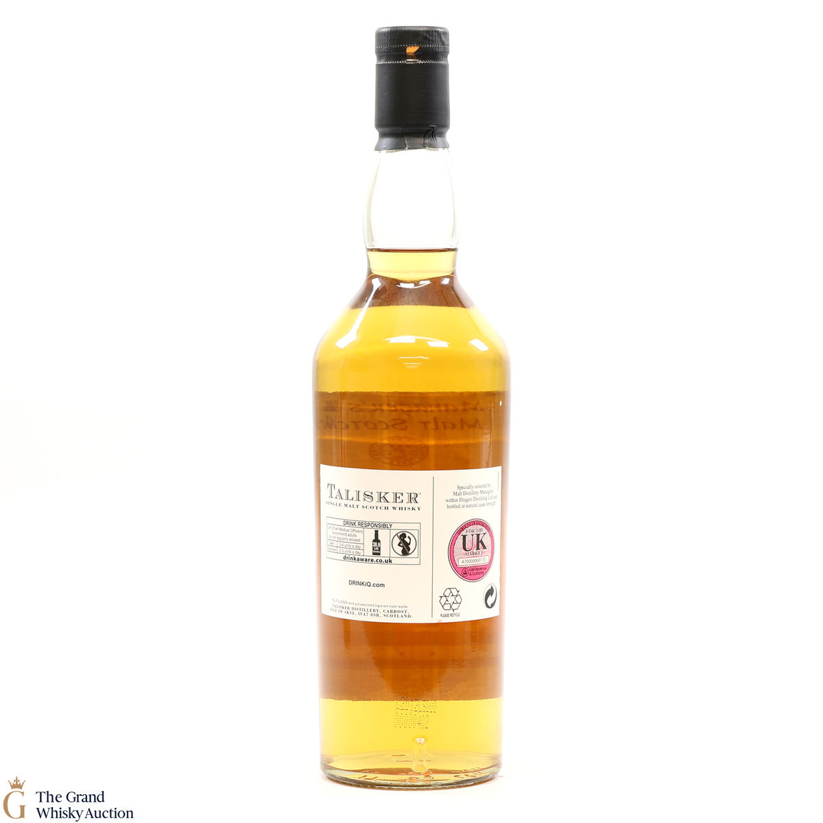A rare Talisker single malt whisky bottled in 2011 for Diageo staff, at natural cask strength. The malt was specially selected by distillery managers within Diageo and bottled at 55.2%. This is an individually numbered bottle.
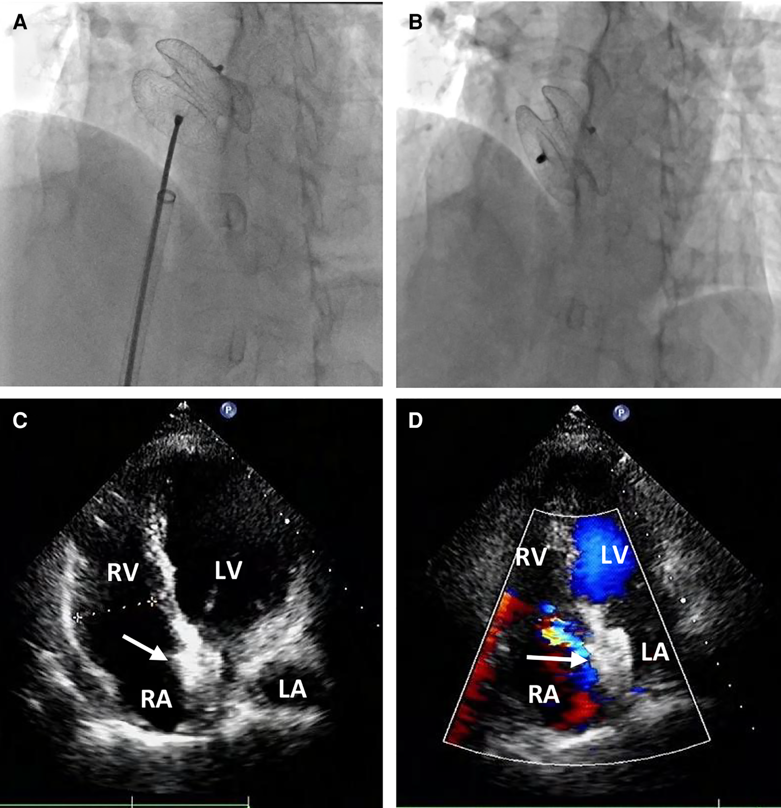 Percutaneous redeployment of the ASO device. Fluoroscopy revealed the 26 mm occluder was sent into the left atrium and the two sides of the occluder were successfully deployed on both sides of the defect (A); the position and shape of the redeployed occluder (white arrow) were found to be optimum, and no residual shunt (B) The occluder was located in the middle of the atrial septum (C) with no residual shunt (D) during the follow-up period.
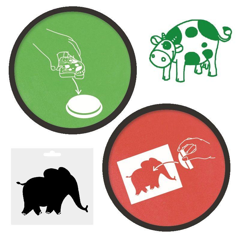 Sada skvěle poslouží při tvoření s dětmi – můžete je použít ke klasickému razítkování s dětskými razítky. Další možností použití je přenášení motivů ze šablon pro děti. Stačí si vzít vybraný polštářek do ruky a přímo s ním natupovat barvu přes šablonku na papír.
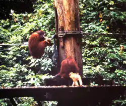 The centre opened in 1964 as the first official orangutan rehabilitation project for rescued orphaned baby orangutans from logging sites, plantations, illegal hunting or kept as pets.[1] The orphaned orangutans are trained to survive again in the wild and are released as soon as they are ready. The sanctuary is located within the Kabili-Sepilok Forest Reserve which covers an area of 4,294 ha (10,610 acres), much of which is virgin rainforest.[2] The reserve has been designated an Important Bird Area by BirdLife International. Today around 60 to 80 orangutans are living free in the reserve.[3]
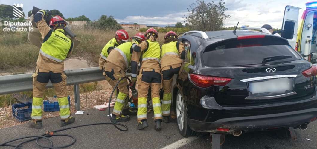 Dos autobuses y un turismo han sufrido un aparatoso accidente de tráfico en la N-340 a su paso por el término municipal de Vinarós. Como consecuencia del accidente, el conductor del automóvil ha resultado atrapado dentro de su vehículo.
——————
### [Instructions for the task]
Each line from the start of the entries through the line with "Sada skvěle poslouží" is to be restated exactly, and the pictures are to be skipped.

### [Output for this exercise]
A rare Talisker single malt whisky bottled in 2011 for Diageo staff, at natural cask strength. The malt was specially selected by distillery managers within Diageo and bottled at 55.2%. This is an individually numbered bottle.
 Percutaneous redeployment of the ASO device. Fluoroscopy revealed the 26 mm occluder was sent into the left atrium and the two sides of the occluder were successfully deployed on both sides of the defect (A); the position and shape of the redeployed occluder (white arrow) were found to be optimum, and no residual shunt (B) The occluder was located in the middle of the atrial septum (C) with no residual shunt (D) during the follow-up period.
 Sada skvěle poslouží při tvoření s dětmi – můžete je použít ke klasickému razítkování s dětskými razítky. Další možností použití je přenášení motivů ze šablon pro děti. Stačí si vzít vybraný polštářek do ruky a přímo s ním natupovat barvu přes šablonku na papír.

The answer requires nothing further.